WHAT THIS TASK INVOLVES
Look at the data below and print exactly the lines from its first line through the line with "Celebrant was Father"; the pictures stay out of the copy.

INFORMATION PROVIDED
━━━━━━━━━━━━━━━━

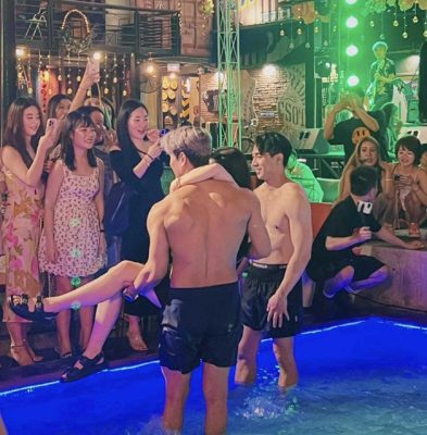 从不少视频中可以看到,男模服务员自愿抱起女性遊客,和女性遊客在泳池中互动,并让遊客的朋友拍照留念,拍完后就把顾客送回岸上,这样的行为让顾客很是开心,给的小费自然也不会少。
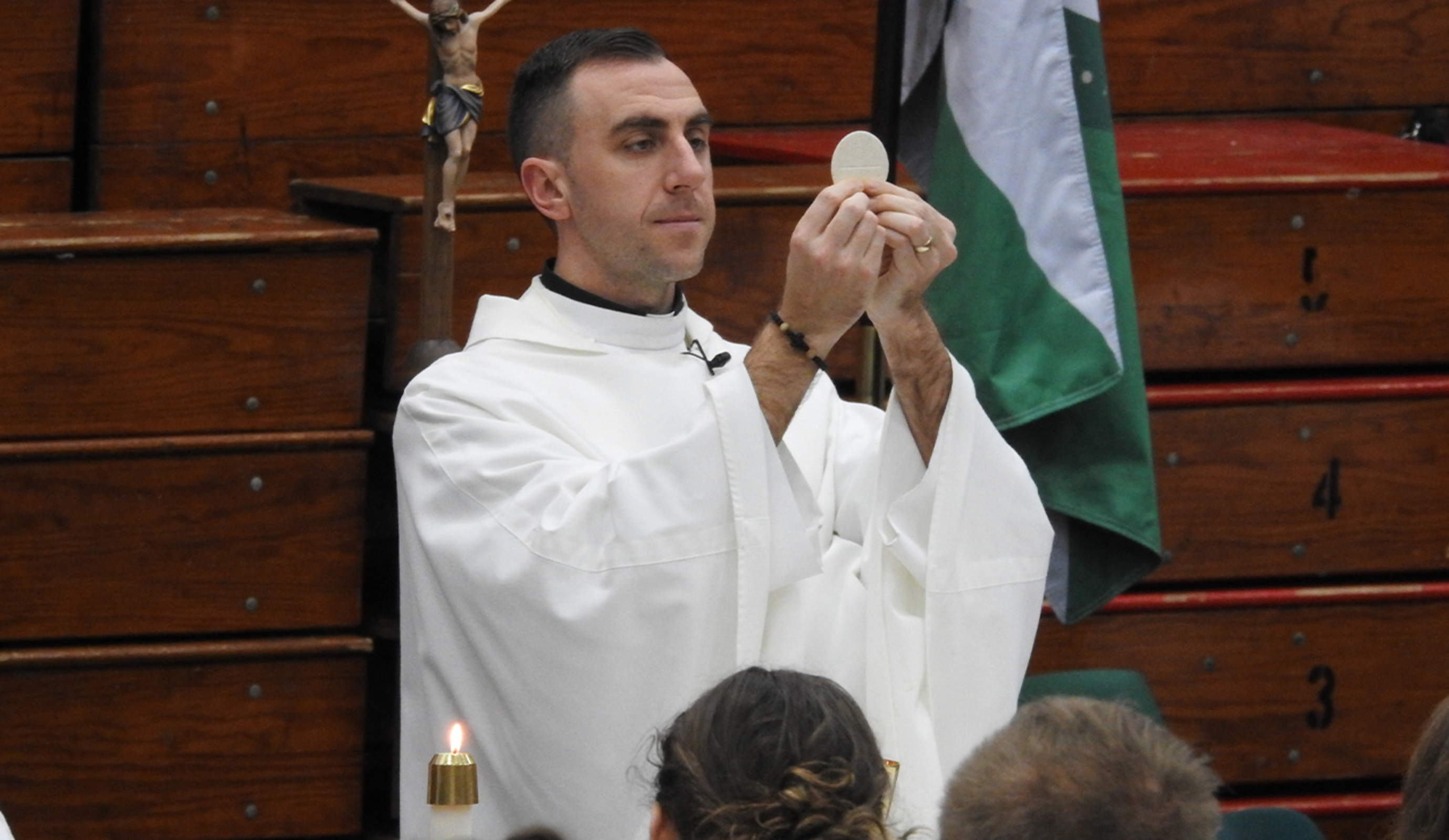 Celebrant was Father Eric Garris, diocesan vocation director. Assisting was Deacon Jeffrey Lindholm. A group of enthusiastic EC musicians and vocalists led attendees in song throughout the liturgy. Attendees could follow along with the lyrics that were posted on a large screen.
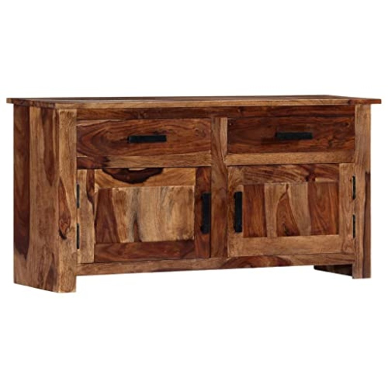 Dettagli: Questa credenza emana un fascino particolare ed un elemento di arredo in grado di catturare l’attenzione all’interno della casa. La credenza realizzata in legno massello di sheesham, un legno duro tropicale conosciuto anche come palissandro o dalbergia famoso per le sue venature naturali e la morbida fibra. Inoltre non soggetto a deformazioni o spaccature e ha una naturale resistenza al decadimento. Questo mobile dal design accattivante risulta pertanto estremamente resistente, robusto e affascinante. La perfetta artigianalit garantisce che ogni fase del processo di lavorazione, dalla lucidatura fino alla laccatura, venga eseguita con la massima cura. Questo armadio interamente realizzato a mano e l’appagante esteticit delle venature del legno rende ogni mobile unico e leggermente diverso da tutti gli altri. Il prodotto dotato di 2 cassetti e 2 ante che offrono ampio spazio dove riporre dispositivi multimediali, libri e altri oggetti. Il mobile gi assemblato per cui non richiesto alcun montaggio. Nota importante: Le venature del legno variano da pezzo a pezzo, rendendo ciascun mobile unico. La consegna casuale. Materiale: Legno massello di sheesham Dimensioni: 100 x 30 x 50 cm (L x P x A) Finitura: Lucidato e laccato Con 2 ante e 2 cassetti Non necessita di montaggio

━━━━━━━━━━━━━━━━

SOLUTION FOR THIS EXERCISE
 从不少视频中可以看到,男模服务员自愿抱起女性遊客,和女性遊客在泳池中互动,并让遊客的朋友拍照留念,拍完后就把顾客送回岸上,这样的行为让顾客很是开心,给的小费自然也不会少。
 Celebrant was Father Eric Garris, diocesan vocation director. Assisting was Deacon Jeffrey Lindholm. A group of enthusiastic EC musicians and vocalists led attendees in song throughout the liturgy. Attendees could follow along with the lyrics that were posted on a large screen.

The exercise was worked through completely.